The Bookwoman's Last Fling by John Dunning

The Bookwoman's Last Fling by John Dunning

Author:John Dunning
Language: eng
Format: epub
Publisher: Scribner
Published: 2006-09-15T04:00:00+00:00


14

Erin sat coldly through my account that night. The police had arrived at two o’clock with the coroner’s men on their heels; Baxter and I had been questioned in separate rooms; I explained why I was there and showed them my note from Sharon; I told them about my own adventure in the trunk of Cameron’s car and the gun, recently fired, that I had found there. I was released after two hours with the usual polite request to keep in touch. They were still questioning Baxter as I left. I knew they weren’t satisfied with his part of the story: If he had told them what I had seen or heard from him, I wouldn’t be satisfied either. They would ask, for example, how he had suggested a walk and then led me almost straight to his brother’s body. I hadn’t told Baxter about this likelihood: the last thing I wanted was to coach the suspect, if that’s what he turned out to be, but this was one of those times when I longed to be on the other side of the badge. I did take his gun away from him when he put it on the table: I picked it up carefully, put it on another table across the room, and left it to the cops to deal with when they arrived. Other than a few brief comments, we had nothing else to say until the police came.

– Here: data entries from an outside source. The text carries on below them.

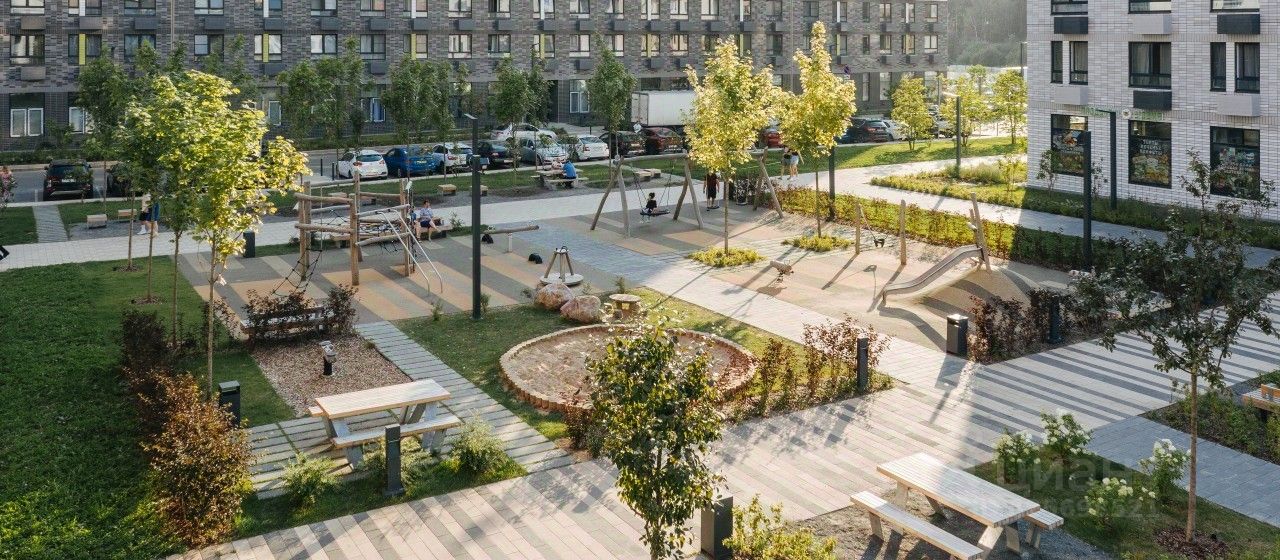 Во дворах-парках жилого квартала есть места для отдыха, детские и спортивные площадки. На первых этажах домов расположены магазины, кафе и полезные сервисы. Также вблизи проекта есть несколько масштабных торговых центров. До ТЦ ''Саларис'' пять минут пешком. Артикул 1006232 (Застройщик ООО ''Специализированный Застройщик ''Тирон'')
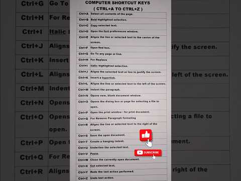 Ctrl A to Z Computer shortcut key in Hindi #computer #viral #ccc #shortvideo #ytshorts #tricks #key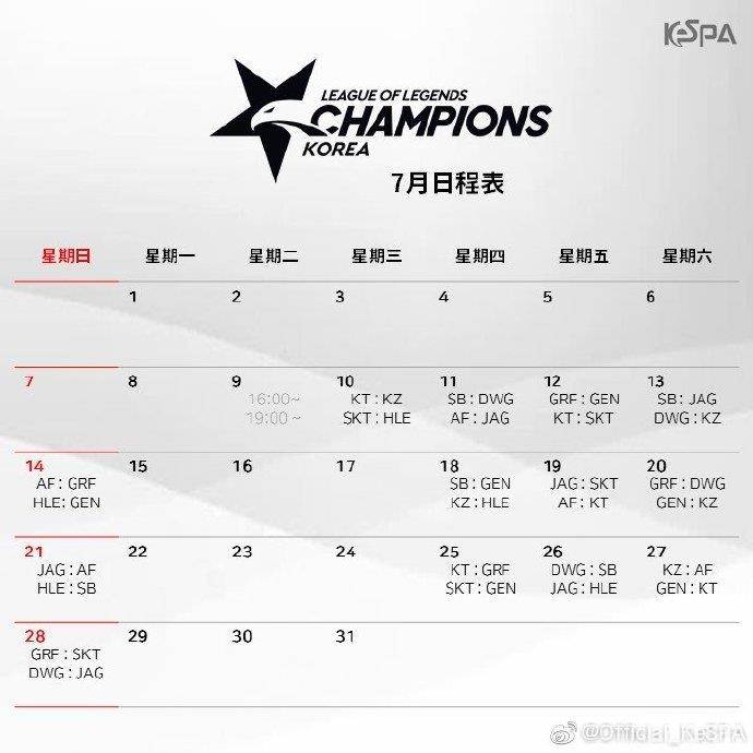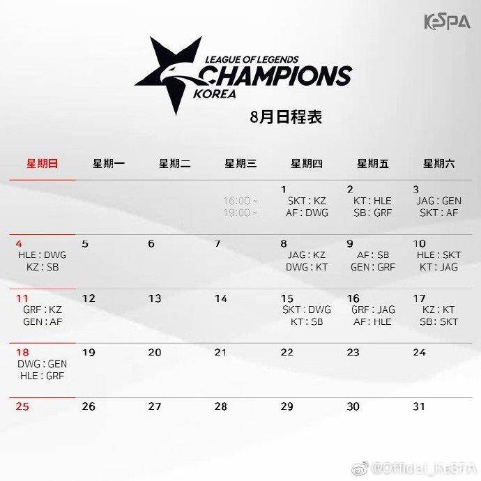 [2019 LCK 夏季赛]2019LCK赛程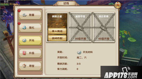 关于开光材料的来源问题,首先目前阶段能够参与战场、心魔、剧情扫荡等玩法的玩家较多,去玩家手中收材料是个不错的选择。江湖试炼是开光材料主题的时候参加一下为好,毕竟每周周二和周六参与活动能收获不少材料。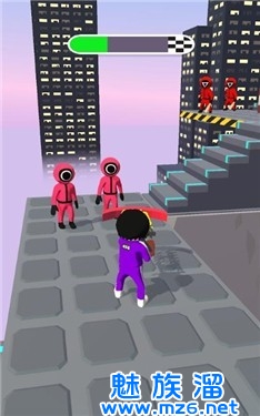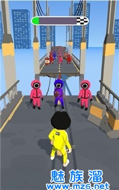 2、根据前段时间大火的鱿鱼游戏改编制作而来的闯关游戏。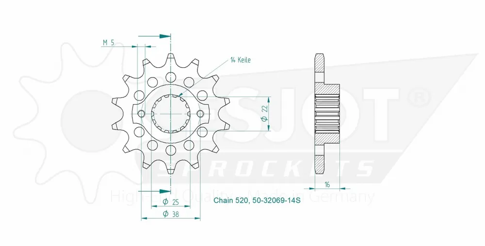 Wat is de levensduur van de ESJOT FRONT 14T sprocket?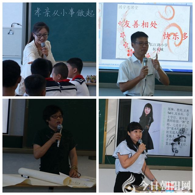 長江路小學(xué)祝長城老師根據(jù)《六尺巷》的故事做了體驗式德育活動課《友善相處快樂多》,聯(lián)合小學(xué)張立杰老師根據(jù)訓(xùn)蒙文《弟子規(guī)》做了體驗式德育活動課《孝親從小事做起》,西大營子鎮(zhèn)中心校德育副校長溫靜做了《品味國學(xué)經(jīng)典 增長人生智慧》的經(jīng)驗介紹,七道泉子小學(xué)周琳老師做了《傳承中華美德 潤澤幸福人生》經(jīng)驗分享。

“I didn’t kill him,” he did offer at one point. “How long’s he been dead do you think?”

I didn’t say but I thought it could be a week on the long end.

“I’ve been up at Golden Gate till early this morning.”

People could verify that, he said, he was well known up there. “Besides, why would I kill him?”

Now, hours later, Erin listened to my story without a word. We ate our dinners in that awful silence, and at last I said, “Okay, if you’re gonna chew me out, let’s have it.”

“Would that do any good?”

“In what context?”

“Don’t be dense, Janeway, it doesn’t become you. I’m just very calmly asking if you’d do it again under the same circumstances, which of course you would, like a bat out of hell. I thought we had all this out months ago. Years ago.”

“If it makes any difference, I did bring my sword to fall on.”

“Which means nothing when push comes to shove. I predict one of these days we will have us an ugly parting over something like this.”

A scary thought. I pondered it and said, “But what would we do without each other?”

“That is the question, isn’t it?”

That was indeed the question. I had once come so close to losing her that now I got edgy if she was running late in traffic, tense if she failed to call. I was nervous in all those harmless down times where before, in my old life, I had felt invincible.

“You worry way too much,” she said. “You’re becoming…”

She fished for a term and I gave it to her.